In March 2020, the Washington State Legislature passed legislation against “abusive litigation.”  Abusive litigation is regularly perpetrated by domestic violence abusers and has been referred to as “legal bullying.”  . In addressing this problem, the Legislature recognized that family law cases including dissolution's, legal separations, parenting plan actions, and protection order proceedings are commonplace for abusive litigants. Under RCW 26.51.et. seq., the Legislature summarized that:

[I]individuals who abuse their intimate partners often misuse court proceedings in order to control, harass, intimidate, coerce, and/or impoverish the abused partner. Court proceedings can provide a means for an abuser to exert and reestablish power and control over a domestic violence survivor long after a relationship has ended. The legal system unwittingly becomes another avenue that abusers exploit to cause psychological, emotional, and financial devastation. This misuse of the court system by abusers has been referred to as legal bullying, stalking through the courts, paper abuse, and similar terms. The legislature finds that the term “abusive litigation” is the most common term and that it accurately describes this problem.

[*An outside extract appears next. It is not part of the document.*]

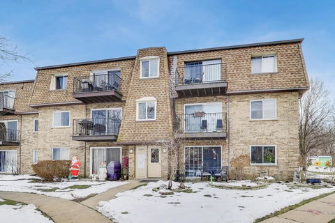 Welcome home to this beautifully updated 2-bedroom, 1-bath condo offering 1,000 sq. ft. of open-concept living in a desirable pool community. This light-filled unit features stunning 2 1/4" red oak hardwood floors, fresh paint throughout, solid pine 6-panel doors, decorative wood trim, and oversized windows with deep sills. The spacious living area opens through double sliding doors to a private balcony overlooking the courtyard with yearlong season tree views-gas grill included. The kitchen is full wood pine cabinetry, stainless steel appliances, pantry closet plus pantry cabinet, and excellent storage. The bathroom is designed for relaxation with a Whirlpool jetted tub, large-format earth tone stone-look tile, Kohler toilet, and modern finishes. Additional highlights include a built-in closet system, Honeywell programmable thermostat, newer AC and furnace (2023), and an assigned parking space. Enjoy resort-style living with clubhouse, outdoor pool, lake rights, and included water, exterior maintenance, snow removal, scavenger service, and common insurance-all covered in the monthly association. Conveniently located near charming downtown Des Plaines, variety of shopping, cozy cafes, authentic restaurants, coffee shops, Metra train station, O'Hare International airport, forest preserves ideal for year-round outdoor activities, Lutheran General Hospital and easy excess to 294 and 90 highways. Move-in ready and a must-see!
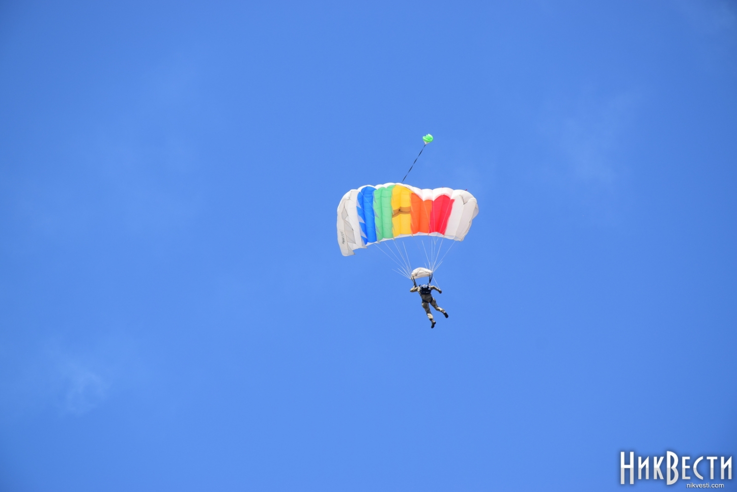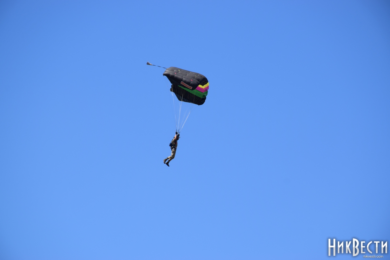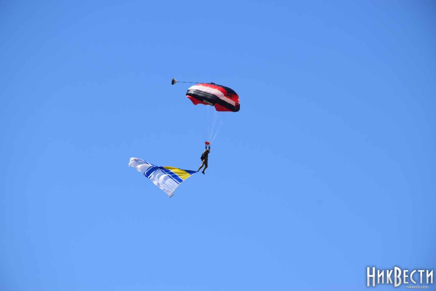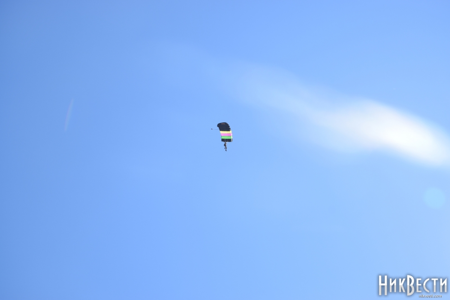 За службу народу морпехов также поблагодарила глава Николаевского областного совета Виктория Москаленко, отметив и тех, кто ждет воинов дома. После поздравительных речей неожиданно для всех с неба начали спускаться парашютисты. Таким образом, морские пехотинцы на деле показали свое мастерство, которое никого из присутствующих не оставило равнодушным.

While having no effect on a person’s constitutional right to access to the courts, the new laws grant the court additional discretion to terminate, mitigate, and address abusive litigation.

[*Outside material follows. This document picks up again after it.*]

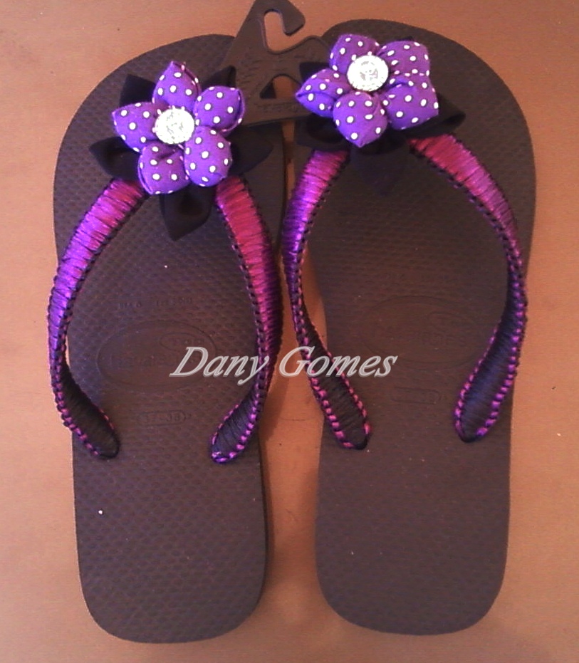 CHINELOS DECORADOS COM FITA DE CETIM E FLORES DE TECIDO

Under this legislation, a victim may assert a claim of abusive litigation if the party filing or advancing the litigation is currently or previously an intimate partner, and has been found to have committed domestic violence against the victim. At the same time, the court must find that the claims, allegations, and other legal contentions are not warranted under the law, or that the factual contentions are not supported by evidence, or that the issue presented was previously filed and disposed of unfavorably to the party advancing the claim.

Under the new law, the courts are now empowered to enter an order restricting abusive litigation, which may be requested by party motion, motion response, petition, answer, or even by the court upon its own motion. Upon request, the court will set a motion hearing to determine whether the litigation meets the definition of abusive litigation. If the court finds by a preponderance of the evidence that a party is engaging in abusive litigation, the action will be denied. In addition, the court will enter an “order restricting abusive litigation,” which will impose all costs and reasonable attorney fees incurred, and will impose a not less than 4- and not more than 6-year pre-filling restriction upon the party found to have engaged in the abusive litigation. The abusive litigator will be required to seek permission from the court before proceeding with future litigation against the other party.

For domestic violence survivors who are continuing to be dragged through the courts by their abusers, this new law provides a much-needed avenue for relief from abusive litigation, effective January 1, 2021.